Сильнее всего мое воображение будоражат розы, но розы в Валсарбе не растут, они существуют только в волшебных сказках о принцессах и в райских кущах, разумеется. А вот сирени – пожалуйста, сколько душе угодно, она бросается в объятья из каждой подворотни, причем иногда совершенно не сиреневая, а белая, с головокружительно громким ароматом. Оглушительнее нее благоухают только мамины любимые ландыши.
Я читаю цветник, сидя под жасмином-чубушником, у него такой звенящий запах, как у хрусталя. Ваза и жасмин пахнут совершенно одинаково, вместе и порознь. Рядом с будущим Дедовым табаком душное флоксовое царство, ближе к смородиновым кустам – бледно-розовые маки, из них собирают семена к рождественскому столу.
На улицах Валсарба полным-полно одуванчиков. Они растут невозмутимо и самоотверженно, будто в чистом поле. Так бывает: тротуаров в городе нет, а одуванчики есть. Есть и живые изгороди из шиповника, и сонные желтки ромашек, с их аптечным благовонием, у калиток. Возле Большого озера синеют поляны люпинов вперемешку с куриной слепотой и кукушкиными слезками.
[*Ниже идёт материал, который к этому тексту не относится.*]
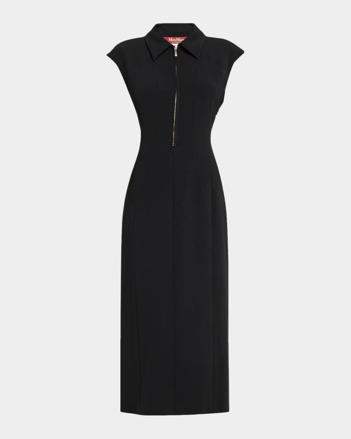 This Weekend Max Mara midi dress is crafted from softly structured fabric with princess seams that accentuate the waistline Spread collar; partial zip front Cap sleeves Princess seams Center back slit Hem falls below the knee Column silhouette Step-in style Triacetate/polyester Machine wash cold Made in Poland SIZE & FITModel measurements: 5 & apos;10" tallModel is wearing a US size 4/Small

Tagetes erecta, рыжие бархатцы с горьковатым запахом, возникающие на школьных клумбах стихийно и неотступно, как хроническое заболевание. Antirrhinum, львиный зев, чьи разноцветные мордочки открывают и закрывают рты по моему велению. Ноготки календулы, которые помогают разбитым коленкам не хуже подорожника, а выглядят куда привлекательнее. Cardamindum Adans, настурции, яркие, сложно-оранжевые, визуальный образ сигнала тревоги: цветущие настурции – верная примета начала учебного года. Несуразные, повсеместно растущие у школ цветы с красивым названием сальвия сверкающая, оказывается, опасны для здоровья, но именно вокруг них мальчишки чаще всего вьются, будто шмели, пробуя на вкус.
Ближе ко Дню знаний из-за заборов выглядывают самодостаточные гладиолусы, вынужденные коротать свой век преимущественно в учительских. Иногда в огородах, возле грядок с морковкой, маячат чернильные или лиловые астры, вечно мокрые и лохматые, точно щенки, попавшие под дождь. Иногда их заменяют безрадостные стоики-хризантемы, вызывающие щемящую грусть по ушедшему лету.
В остальном Валсарб не оригинальничает и ограничивается гвоздиками. Покупными белыми и красными гвоздиками, годящимися как для мужчин, так и для женщин. Их пышные юбки гофре собирают в слюдяные кульки и отправляют на задания. Гвоздики-дипломаты ведут переговоры с живыми и мертвыми прямолинейно и беспристрастно и за праздничным столом, и в траурной корзинке. Валсарб и хотел бы поменять посредника, но других нет.
В тени под жасминовым кустом нравится только лилиям. Самые обыкновенные тигровые лилии без запаха и вкуса растут на Бабиной импровизированной клумбе вдоль забора, от садовой калитки почти до колонки. На лилиях живут трещалки – красные жуки-пожарники. Я меняю их на бронзовок, которых Алеська таскает мне со своего огорода. Они походят на переливающиеся бензиновые пятна, разлитые на мокром асфальте. Сыто копошатся в спичечном коробке, точно живые броши, небрежно покрытые зеленоватым перламутром, а вот в нашем саду не приживаются. Трещалок на лилиях так много, что скоро цветов не останется. Они вредители, но симпатичные и забавно пищат. Когда ладошка захлопывается, они вопят и стрекочут, будто Одиссей с приятелями в пещере при приближении Полифема.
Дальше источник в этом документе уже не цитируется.